Our proposed model innovatively incorporated online news articles as a new data source for influenza activity forecasting in both the south and north of mainland China. The results showed that online news articles could significantly improve the forecasting accuracy of influenza activity during outbreaks, compared to other online data sources. This accuracy improvement by mining online news articles could support the public health agency in making better preparations for influenza outbreaks, including improving resource allocation efficiency. This implication is even more important in a geographically vast and densely populated country like China.

Traditional influenza surveillance data from the CNIC is based on ILI reports from sentinel hospitals all over the country, which suffers from a 1–2 week delay for the processing and aggregating all the sentinel hospitals’ reports [5,7]. Online news articles, consisting of both user-generated news and organization-generated news [24], can help capture real-time influenza activity. Our results showed that the fraction of influenza-related online news articles peaked one week earlier than the official reports, and the two-week time lag for online news articles led to the highest prediction accuracy in the auto-regression model.
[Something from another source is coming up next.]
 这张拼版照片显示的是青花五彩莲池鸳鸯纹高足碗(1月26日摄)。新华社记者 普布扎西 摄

This implies that online news articles, as a new online data source, could produce estimation results 1–2 weeks ahead of official ILI surveillance reports.

According to our analysis, about 93.0% of online news articles are from unofficial user-generated news, allowing users to post events happening around themselves in time. This character could help to capture a real-time snapshot of influenza-related activities. A large part of user-generated news comes from Wechat Official Account in China, where users can post news articles freely to attract clicks and generate income through advertisements. Similar characters have been found in other worldwide platforms like LinkedIn Articles, Medium, Instant Articles [47], etc., which shows that online news articles have the potential to enhance forecasting accuracy on influenza epidemics all over the world.
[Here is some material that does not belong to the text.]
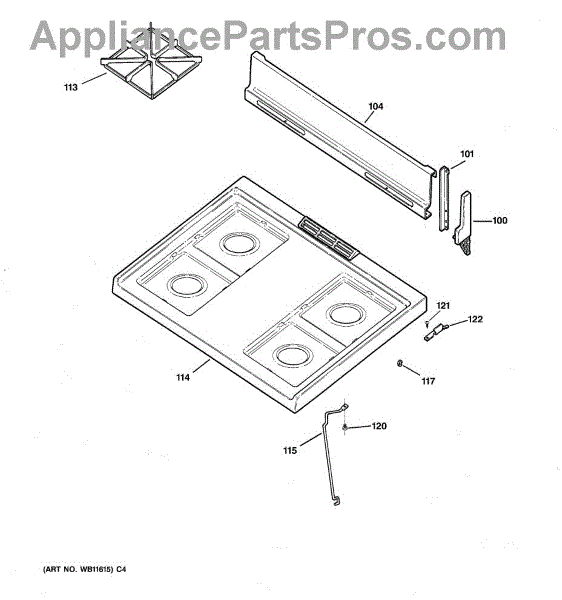 Parts for Ge JGBS02PPA5WH: 02 - Cooktop Parts

Other online data sources, such as search queries, Twitter, or Microblogs, have shown great potential to supplement influenza detection. However, they also suffered from instability and linguistic noise [8,22], especially during influenza-like illness outbreaks [5,22]. Our study’s data is from 6 October 2019 to 17 May 2020, during which a pandemic of COVID-19 also broke out in January 2020 in China. COVID-19 has many similar symptoms compared to influenza, causing additional noise in online data sources. In our study, the forecasting accuracy decreased in the south of mainland China after incorporating microblog data into historical ILI rates. The decrease may be because of the noise produced by COVID-19. Meanwhile, online news articles contribute to a significant improvement in forecasting accuracy in both the south and north of mainland China. This proves that online news articles have a great potential to enhance influenza epidemics forecasting accuracy and robustness, especially during influenza-like illness outbreaks.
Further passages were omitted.